Prof. Léon VANDERMEERSCH
- Former Member, Académie des Inscriptions et Belles-Lettres, Institut de France
Former Director, École Française d'Extrême-Orient
Leon VANDERMEERSCH was born in 1928, France (Department: North). He received Diploma in Chinese (1948) and Vietnamese (1951) from Paris Institute for Eastern Languages, and National PhD in Law (1950), in Literature (1975) from Paris University. His rich academic experiences include: Research Fellow in Kyoto University (1959-1961 and 1964-1965), in Hong Kong University (1981-1964); Teacher in Vietnam Middle School (in Saigon :1951-1954, in Hanoi:1954-1955); Research-Member of the French Institute for Far-Eastern Studies (EFEO) (1956-1966); Lecturer in the University of Aix-en-Provence (1966-1973), in the University of Paris7 (1973-1979); Professor in the University of Paris7 (1973-1979); Director of Research-Work in Paris Ecole Pratique des Hautes Etudes (EPHE) (1979-1993, Professorship in History of Confucianism); French Director in Tokyo French-Japanese House (1981-1984); Director of EFEO (1988-1993); Academie des Inscriptions et Belles-Lettres Correspondent Member. His most important books include Wangdao; or, The Royal Way (Wangdao ou la Voie royale), The New Chinese World (Le nouveau monde sinisé) and so on. He was awarded the Prix Stanislas Julien prize, the nobel prize in sinology studies, in 1980.

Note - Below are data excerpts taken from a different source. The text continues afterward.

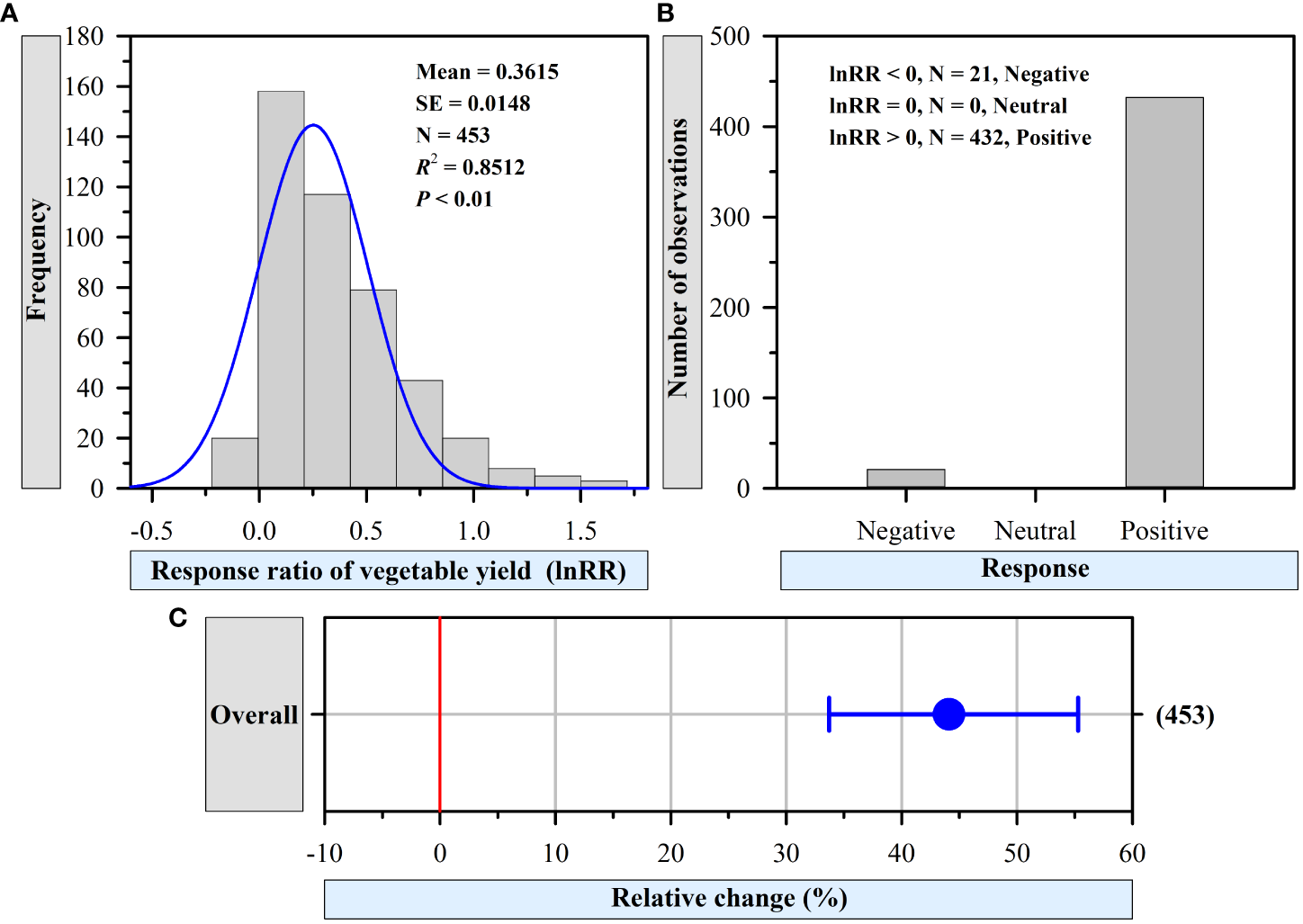 Frequency distribution of response ratio (lnRR) (A), numbers of response (B), and overall effect (C) of vegetable yield with organic fertilizer compared to that with no fertilizer. The blue fitted curve is the estimated Gaussian distribution of the frequency, and N represents the number of comparisons. The number of observations is shown right parenthesis. The blue horizontal bar represents the 95% confidence interval (CI). The CI does not overlap with 0 red line, which indicates significant positive effect at P < 0.05.
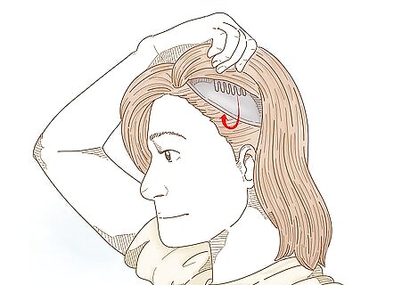 Fasten the wig clips along the edge of your wig cap. Take the wig and place it over the back of your head. If your wig has an especially large clip, use this to initially attach the wig to the edge of your cap. Make sure that the half wig is secured all around the cap, including the sides and bottom. Many half wigs come with clips that help you secure it into place.
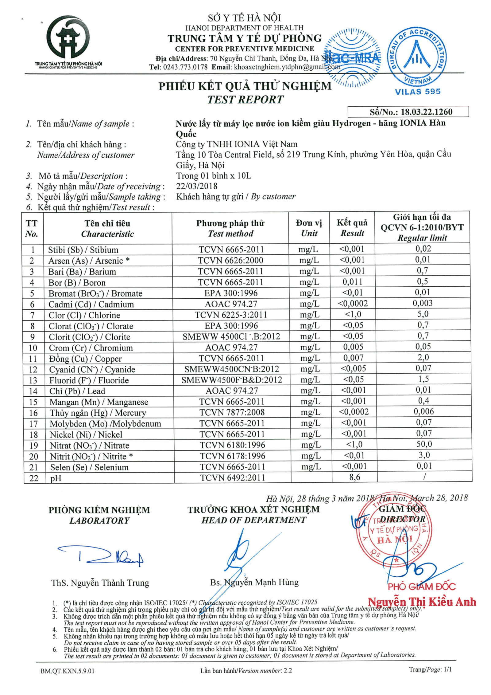 3. Chứng nhận kiểm nghiệm nước của Sở Y Tế Hà Nội- Trung tâm y tế dự phòng

Prof. Nils Göran David MALMGVIST
- Renowned Swedish Sinologist
Member, Selection Committee of Nobel Prize in Literature
Prof. Nils Göran David Malmqvist was a leading Swedish sinologist. After receiving a degree from the Uppsala University, Professor Malmqvist followed the studies of ancient Chinese literature and Chinese phonology under renowned Prof. Bernhard Karlgren at Stockholm University in 1946 and then obtained his Fil. Lic. in Chinese from this university. In the following 60 more years, Professor Malmqvist had actively involved himself in Chinese literary studies and translation and has taught Chinese in top universities in Europe and Australia. Professor Malmqvist was a prolific writer with extensive interest in Chinese culture. Over the years, he had published widely in English and Swedish on Chinese history and literature. He had translated over 30 volumes and some 200 literary pieces from Chinese. He had made great contributions in promoting academic and cultural exchanges between Sweden and China (including Hong Kong) as well as between the Western and the Chinese cultures. His distinguished achievements had earned him numerous awards, such as the Knighthood of the Northern Star, the Royal Prize by Swedish Academy, the Royal Swedish Academy of Sciences Translation Prize.
Prof. Jie LIU
- Position: Associate Professor, Department of Translation, School of Foreign Languages, National Huaqiao University
- Visiting Period: January 2 – April 20, 2024
- Research interests: Translation History of China in the 20th Century, History of Foreign Language Education & Theory and Practice of Interpreting
Publications:
From Classroom to War of Resistance: Chinese Military Interpreter Training during World War II. Abingdon, Oxon; Routledge, 2024.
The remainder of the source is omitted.